Stored items from a collection
# # #

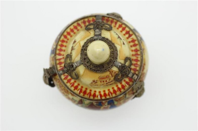 此件瓷包银黄地五彩人物故事纹盖罐(将军罐仕女图),画工精美,包银工艺精堪,极具艺术和收藏价值
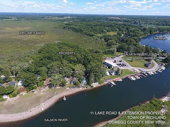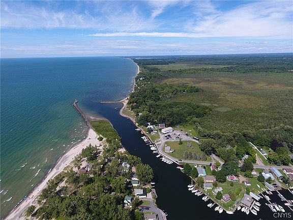 Excellent opportunity for developers, second home buyers for private compound or investors on the waterfront at the mouth of the Salmon River overlooking Lake Ontario. Located in the heart of Salmon Fishing Country, sales includes two parcels totaling 6.43 +/- acres with 50 feet of waterfront, and will only be sold together. Site consists of 6.08 +/- lightly wooded acres, zoned Residential Recreation (RR) and .35 +/- acres zoned Residential Cottage (RC) with a 1,294 +/- square foot, 4 bedroom seasonal cottage and existing boardwalk in place in the protected Port Ontario harbor. Panoramic views and gorgeous Lake Ontario sunsets await you. Based on current zoning, a preliminary site plan is available to develop 18 townhouse/condominium units, along with a with a waterfront pavilion. Land is relatively flat with public water, utilities and wi-fi service. Area amenities include world-class salmon fishing, dock can accommodate larger vessels and there is a sandy swimming beach across the river, kayaking, sailing and adjacent marina with a historic lighthouse built in 1883.
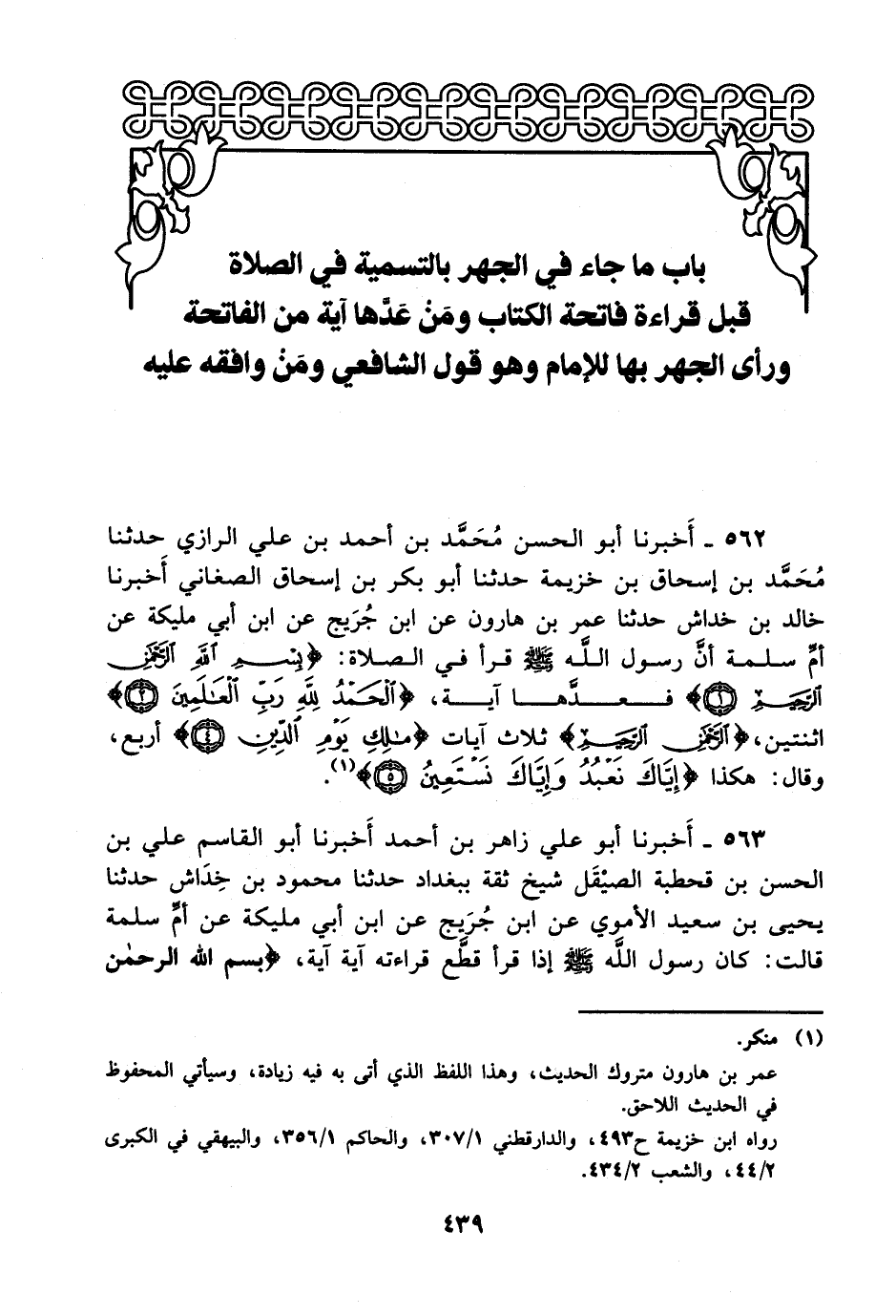 562- أخبرنا أبو الحسين محمد بن أحمد بن علي الرازي حدثنا محمد بن إسحاق بن خزيمة حدثنا أبو بكر بن إسحاق الصغاني أخبرنا خالد بن خداش حدثنا عمر بن هارون عن ابن جريج عن ابن أبي مليكة عن أم سلمة أن رسول الله صلى الله عليه وسلم قرأ في الصلاة {بسم الله الرحمن الرحيم} فعدها آية {الحمد لله رب العالمين} اثنتين {الرحمن الرحيم} ثلاث آيات {مالك يوم الدين} أربع وقال: هكذا {إياك نعبد وإياك نستعين} .
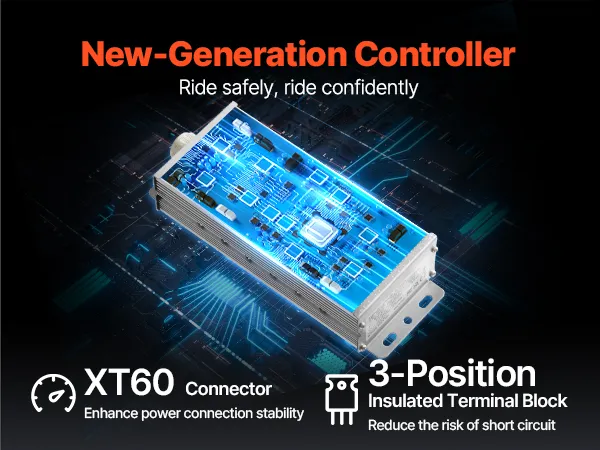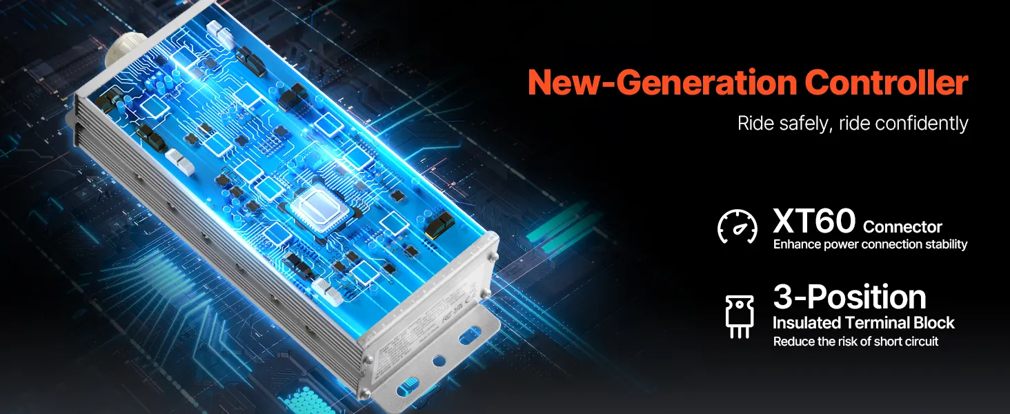 Upgrade to our new-generation controller and ride safely. Featuring an XT60 connector, it enhances power connection stability for reliable performance. The 3-position insulated terminal block reduces the risk of short circuits, adding an extra layer of safety to your journey.
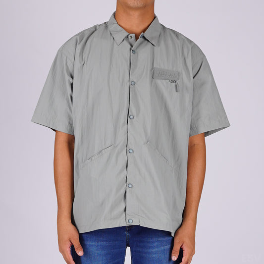 RRJ Men's Basic Woven Shirt Boxy Fitting Taslan Fabric 160614 (Light Gray)
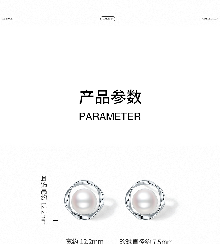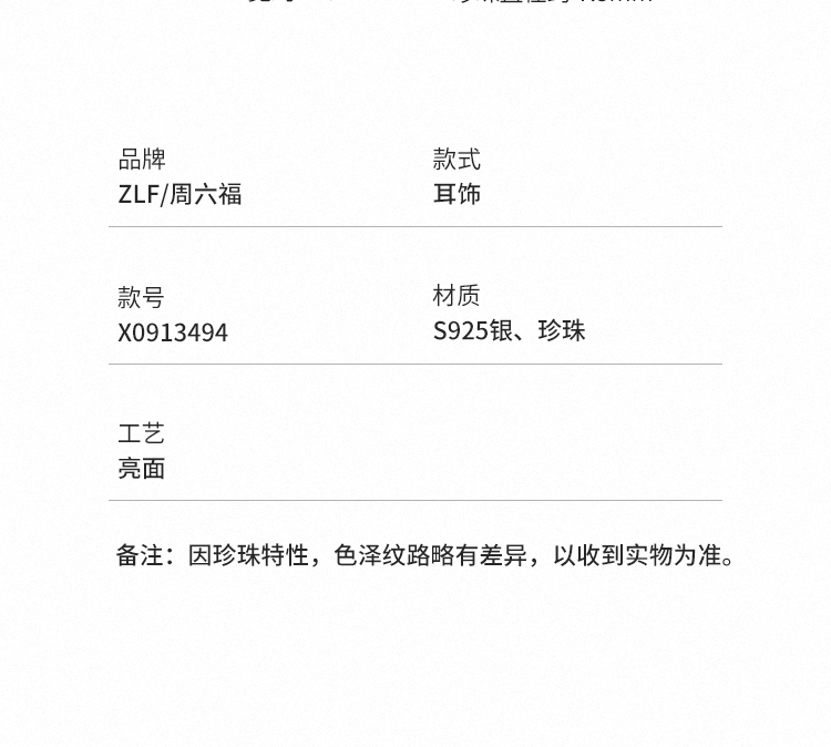 周六福淡水珍珠耳饰女S925银莫比乌斯环耳钉优雅送女友节日礼物

# # #

Problem: What is needed is an exact copy of the lines from the one with "562- أخبرنا أبو" through the end of the data above, both included, minus any pictures.

Solution for this exercise:
 562- أخبرنا أبو الحسين محمد بن أحمد بن علي الرازي حدثنا محمد بن إسحاق بن خزيمة حدثنا أبو بكر بن إسحاق الصغاني أخبرنا خالد بن خداش حدثنا عمر بن هارون عن ابن جريج عن ابن أبي مليكة عن أم سلمة أن رسول الله صلى الله عليه وسلم قرأ في الصلاة {بسم الله الرحمن الرحيم} فعدها آية {الحمد لله رب العالمين} اثنتين {الرحمن الرحيم} ثلاث آيات {مالك يوم الدين} أربع وقال: هكذا {إياك نعبد وإياك نستعين} .
 Upgrade to our new-generation controller and ride safely. Featuring an XT60 connector, it enhances power connection stability for reliable performance. The 3-position insulated terminal block reduces the risk of short circuits, adding an extra layer of safety to your journey.
 RRJ Men's Basic Woven Shirt Boxy Fitting Taslan Fabric 160614 (Light Gray)
 周六福淡水珍珠耳饰女S925银莫比乌斯环耳钉优雅送女友节日礼物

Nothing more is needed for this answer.